A shared control method for safe teleoperation of an immersive-telepresence robot

Abstract

This thesis presents a shared control framework for telepresence robots to balance the user input with autonomous safety, particularly in obstacle-rich environments. While many telepresence robots support autonomous navigation, operators often need to maintain control over the robot’s path to adjust for situational preferences not encoded in navigation algorithms. This thesis proposes a Dynamic Window Approach (DWA)-based control system that integrates user commands directly into the robot’s trajectory scoring mechanism.

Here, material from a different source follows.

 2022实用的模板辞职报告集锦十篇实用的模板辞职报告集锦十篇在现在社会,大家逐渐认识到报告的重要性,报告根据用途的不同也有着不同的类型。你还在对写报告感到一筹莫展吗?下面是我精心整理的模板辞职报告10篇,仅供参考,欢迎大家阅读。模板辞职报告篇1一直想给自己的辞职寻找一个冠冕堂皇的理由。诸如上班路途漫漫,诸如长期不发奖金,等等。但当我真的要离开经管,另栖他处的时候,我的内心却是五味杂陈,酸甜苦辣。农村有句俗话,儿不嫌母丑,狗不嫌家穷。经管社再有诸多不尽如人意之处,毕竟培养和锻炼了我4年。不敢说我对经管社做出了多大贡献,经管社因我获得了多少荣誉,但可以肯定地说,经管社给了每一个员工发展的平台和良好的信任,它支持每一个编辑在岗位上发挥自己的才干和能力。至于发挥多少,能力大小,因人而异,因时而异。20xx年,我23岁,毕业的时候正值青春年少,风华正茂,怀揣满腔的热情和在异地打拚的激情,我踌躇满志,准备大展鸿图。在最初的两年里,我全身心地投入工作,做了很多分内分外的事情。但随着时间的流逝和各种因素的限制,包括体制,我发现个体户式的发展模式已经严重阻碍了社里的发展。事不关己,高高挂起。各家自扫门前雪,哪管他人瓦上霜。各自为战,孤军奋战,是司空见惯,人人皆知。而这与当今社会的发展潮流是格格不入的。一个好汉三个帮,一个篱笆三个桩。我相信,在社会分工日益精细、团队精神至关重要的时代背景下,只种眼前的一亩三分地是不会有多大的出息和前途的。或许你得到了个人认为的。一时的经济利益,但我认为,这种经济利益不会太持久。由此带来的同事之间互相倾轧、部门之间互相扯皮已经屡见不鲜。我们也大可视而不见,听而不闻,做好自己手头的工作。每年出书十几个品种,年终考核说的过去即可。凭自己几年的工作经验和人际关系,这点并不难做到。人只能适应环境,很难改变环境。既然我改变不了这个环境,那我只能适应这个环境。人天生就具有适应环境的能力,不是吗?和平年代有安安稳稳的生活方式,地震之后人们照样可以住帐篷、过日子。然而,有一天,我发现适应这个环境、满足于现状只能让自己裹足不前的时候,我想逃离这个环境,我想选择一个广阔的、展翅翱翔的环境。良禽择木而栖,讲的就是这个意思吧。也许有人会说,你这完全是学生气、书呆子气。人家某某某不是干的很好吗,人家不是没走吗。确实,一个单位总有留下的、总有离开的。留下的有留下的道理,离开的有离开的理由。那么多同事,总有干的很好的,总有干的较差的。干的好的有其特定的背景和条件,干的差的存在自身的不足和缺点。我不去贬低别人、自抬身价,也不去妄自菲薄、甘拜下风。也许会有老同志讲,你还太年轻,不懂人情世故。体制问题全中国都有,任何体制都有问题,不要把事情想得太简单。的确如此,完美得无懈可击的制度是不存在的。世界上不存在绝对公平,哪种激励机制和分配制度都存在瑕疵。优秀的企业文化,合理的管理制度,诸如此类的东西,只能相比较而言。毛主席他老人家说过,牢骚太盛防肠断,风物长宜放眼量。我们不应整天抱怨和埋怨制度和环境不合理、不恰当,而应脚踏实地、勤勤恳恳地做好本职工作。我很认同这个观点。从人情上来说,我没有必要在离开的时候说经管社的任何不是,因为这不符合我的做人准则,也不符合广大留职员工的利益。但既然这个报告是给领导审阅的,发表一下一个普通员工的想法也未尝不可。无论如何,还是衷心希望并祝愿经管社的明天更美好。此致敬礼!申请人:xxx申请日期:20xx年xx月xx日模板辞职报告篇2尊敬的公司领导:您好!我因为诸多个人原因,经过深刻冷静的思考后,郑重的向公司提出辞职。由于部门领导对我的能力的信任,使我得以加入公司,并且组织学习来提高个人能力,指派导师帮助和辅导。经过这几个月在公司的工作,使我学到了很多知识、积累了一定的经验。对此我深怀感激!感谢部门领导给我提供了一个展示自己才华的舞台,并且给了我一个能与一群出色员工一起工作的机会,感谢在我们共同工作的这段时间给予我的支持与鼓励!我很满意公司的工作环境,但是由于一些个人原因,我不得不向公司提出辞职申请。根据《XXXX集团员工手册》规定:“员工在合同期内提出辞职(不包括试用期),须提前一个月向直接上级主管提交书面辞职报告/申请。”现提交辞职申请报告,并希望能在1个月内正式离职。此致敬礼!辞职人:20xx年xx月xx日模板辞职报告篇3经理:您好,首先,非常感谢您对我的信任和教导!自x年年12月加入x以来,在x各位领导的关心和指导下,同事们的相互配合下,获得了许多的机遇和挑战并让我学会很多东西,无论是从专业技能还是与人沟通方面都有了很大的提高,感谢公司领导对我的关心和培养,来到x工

Unlike previous approaches that rely on global paths or sacrifice user intent for safety, this system enables real-time obstacle avoidance without overriding user intent while automatically realigning the robot to the user’s original intended path after obstacles are avoided. The proposed solution was deployed on a ROSBOTXL platform equipped with a 360° camera, providing immersive visual feedback through a virtual reality headset. This setup enables natural viewing of the remote environment while the shared control system mediates between following user inputs and autonomous obstacle avoidance. To evaluate the effectiveness of our approach, a user study was conducted with (n=12) comparing the proposed shared control method against conventional manual control. Results indicated that users traveled farther with shared control (M=22.20m, SD=6.20m) compared to manual control, in which they also needed to avoid the obstacles, (M=18.24m, SD=5.13m). However, this increase in distance was not statistically significant. Workload measures showed a trend toward lower cognitive burden with shared control (M=50.36, SD=17.23 vs. M=56.31, SD=15.19), and 66.7 % of participants found the shared control method easier to use. However, preference was more evenly divided, with 58.3 % preferring shared control. Qualitative analysis revealed that users who preferred manual control valued the feeling of direct authority, while those favoring shared control appreciated the reduced cognitive load and autonomous obstacle avoidance capabilities. The findings suggest that DWA-based shared control can enhance telepresence robot operation while preserving sufficient user agency, particularly in scenarios requiring navigation around obstacles. The study also provides insights into the trade-offs between manual control and shared control in immersive telepresence applications.